PROBLEM DETAILS: Below are some records; output exactly the lines from the line with "長(zhǎng)安區(qū)" to the line with "Теперь рассмотрим комбинацию", both ends kept, and nothing more.

[Extracted records]
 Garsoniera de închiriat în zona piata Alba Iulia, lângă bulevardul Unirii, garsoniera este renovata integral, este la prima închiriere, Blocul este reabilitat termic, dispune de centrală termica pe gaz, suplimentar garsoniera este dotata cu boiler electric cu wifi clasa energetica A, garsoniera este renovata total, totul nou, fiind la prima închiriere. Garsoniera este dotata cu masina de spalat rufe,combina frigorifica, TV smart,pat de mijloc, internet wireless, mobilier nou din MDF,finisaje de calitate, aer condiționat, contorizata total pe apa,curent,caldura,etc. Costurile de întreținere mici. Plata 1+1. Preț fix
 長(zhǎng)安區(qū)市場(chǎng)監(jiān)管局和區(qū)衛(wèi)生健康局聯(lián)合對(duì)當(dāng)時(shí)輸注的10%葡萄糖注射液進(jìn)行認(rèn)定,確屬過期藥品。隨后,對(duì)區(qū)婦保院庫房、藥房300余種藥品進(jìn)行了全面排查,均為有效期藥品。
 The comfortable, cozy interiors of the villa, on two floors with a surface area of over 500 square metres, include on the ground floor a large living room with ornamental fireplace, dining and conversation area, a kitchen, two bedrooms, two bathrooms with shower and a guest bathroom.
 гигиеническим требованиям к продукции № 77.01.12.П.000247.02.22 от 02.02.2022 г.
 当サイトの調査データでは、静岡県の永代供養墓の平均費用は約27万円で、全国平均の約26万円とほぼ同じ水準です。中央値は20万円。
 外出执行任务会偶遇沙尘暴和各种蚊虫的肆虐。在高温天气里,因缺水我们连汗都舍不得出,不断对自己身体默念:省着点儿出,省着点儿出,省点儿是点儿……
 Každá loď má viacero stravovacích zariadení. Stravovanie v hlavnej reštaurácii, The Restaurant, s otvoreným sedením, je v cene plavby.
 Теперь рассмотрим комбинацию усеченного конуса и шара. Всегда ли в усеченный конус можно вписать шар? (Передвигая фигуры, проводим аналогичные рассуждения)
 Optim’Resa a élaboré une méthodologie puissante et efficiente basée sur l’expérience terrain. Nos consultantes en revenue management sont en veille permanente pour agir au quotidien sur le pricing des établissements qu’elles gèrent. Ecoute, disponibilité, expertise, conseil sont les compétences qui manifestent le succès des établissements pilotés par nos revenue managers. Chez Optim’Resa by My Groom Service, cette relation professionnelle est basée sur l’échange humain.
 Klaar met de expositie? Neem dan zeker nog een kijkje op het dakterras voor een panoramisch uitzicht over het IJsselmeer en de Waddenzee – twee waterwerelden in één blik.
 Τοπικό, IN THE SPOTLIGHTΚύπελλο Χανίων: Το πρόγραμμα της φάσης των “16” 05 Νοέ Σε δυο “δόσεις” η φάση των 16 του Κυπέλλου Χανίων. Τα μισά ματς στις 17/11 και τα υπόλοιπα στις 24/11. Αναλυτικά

ANSWER SPACE:
 長(zhǎng)安區(qū)市場(chǎng)監(jiān)管局和區(qū)衛(wèi)生健康局聯(lián)合對(duì)當(dāng)時(shí)輸注的10%葡萄糖注射液進(jìn)行認(rèn)定,確屬過期藥品。隨后,對(duì)區(qū)婦保院庫房、藥房300余種藥品進(jìn)行了全面排查,均為有效期藥品。
 The comfortable, cozy interiors of the villa, on two floors with a surface area of over 500 square metres, include on the ground floor a large living room with ornamental fireplace, dining and conversation area, a kitchen, two bedrooms, two bathrooms with shower and a guest bathroom.
 гигиеническим требованиям к продукции № 77.01.12.П.000247.02.22 от 02.02.2022 г.
 当サイトの調査データでは、静岡県の永代供養墓の平均費用は約27万円で、全国平均の約26万円とほぼ同じ水準です。中央値は20万円。
 外出执行任务会偶遇沙尘暴和各种蚊虫的肆虐。在高温天气里,因缺水我们连汗都舍不得出,不断对自己身体默念:省着点儿出,省着点儿出,省点儿是点儿……
 Každá loď má viacero stravovacích zariadení. Stravovanie v hlavnej reštaurácii, The Restaurant, s otvoreným sedením, je v cene plavby.
 Теперь рассмотрим комбинацию усеченного конуса и шара. Всегда ли в усеченный конус можно вписать шар? (Передвигая фигуры, проводим аналогичные рассуждения)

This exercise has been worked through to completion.